Transposition is the act of moving music from one key to another. This can affect how a song is heard, how chords function, and how melodies relate to the underlying scale. There are two primary kinds of transposition in music: parallel transposition and relative transposition.
A parallel transposition changes the scale being used while keeping the same starting note. For example, C major and C minor are parallel modes—they both start on C but have different notes and a different musical feel.
You can use the key selector in both Hookpad and the Theorytab database to apply a parallel transposition. This will change the notes of the song to fit the new scale, resulting in a different sound.
Below are two versions of “Let It Be” by The Beatles. The first is in C major. The second is after a parallel transposition to C minor.
A relative transposition keeps the same set of notes but changes which chord is treated as the tonal center. For example, C major and A minor use the exact same notes (all the white keys on a piano), but emphasize different home chords—C and A, respectively.
Relative transposition is useful when you want to view a chord progression from a different harmonic perspective, without changing how it actually sounds.
Here’s the intro to “One of Us” by Joan Osborne, shown in the key of A minor. The progression is i → VI → III → VII.
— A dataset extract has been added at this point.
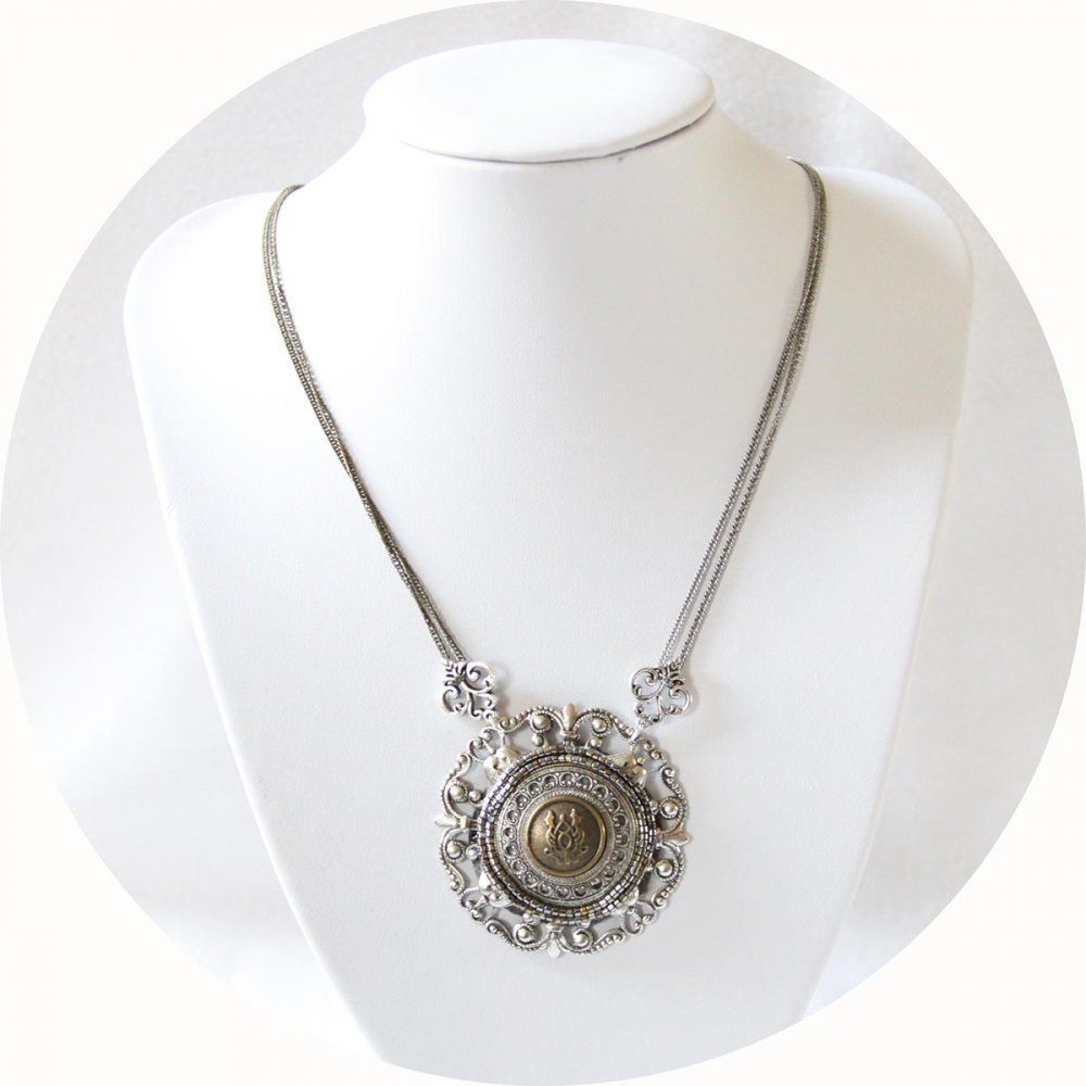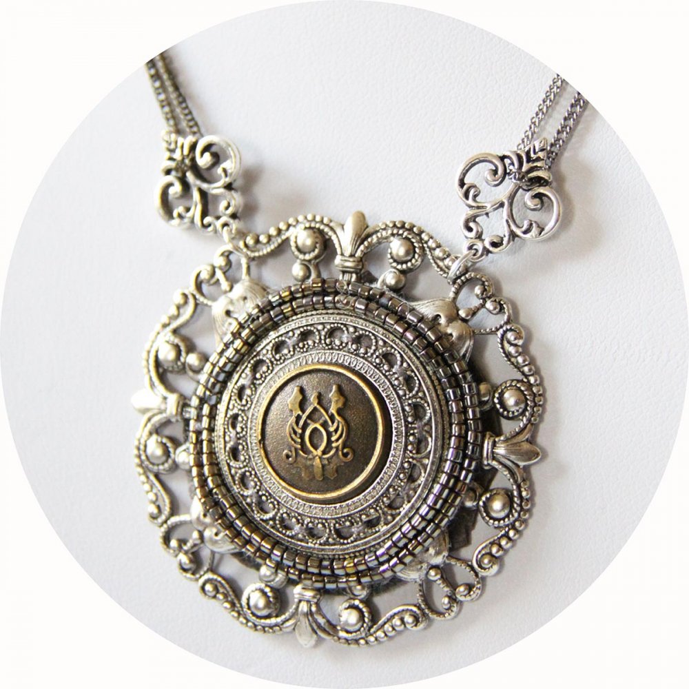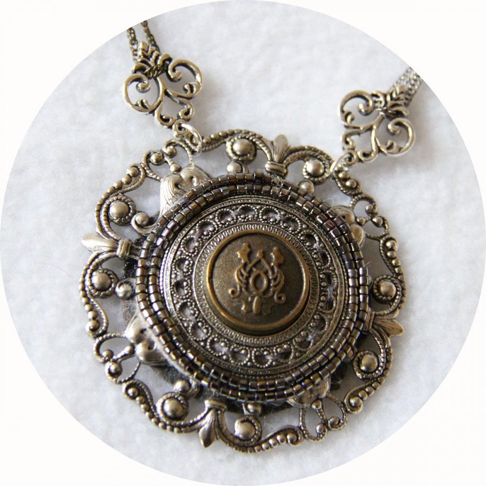Collier Esprit Antique avec un médaillon brodé de perles monté sur une estampe en métal argent ancien et fines chaines argent et bronze

If you transpose this song to its relative major (C major), the chords are relabeled but the sound remains unchanged. Now A minor becomes the vi chord in C major, and the progression becomes vi → IV → I → V.
This perspective reveals that the song actually shares the same chords as the classic I → V → vi → IV progression—just starting on vi instead of I. Relative transposition can thus expose familiar patterns hidden in unfamiliar contexts.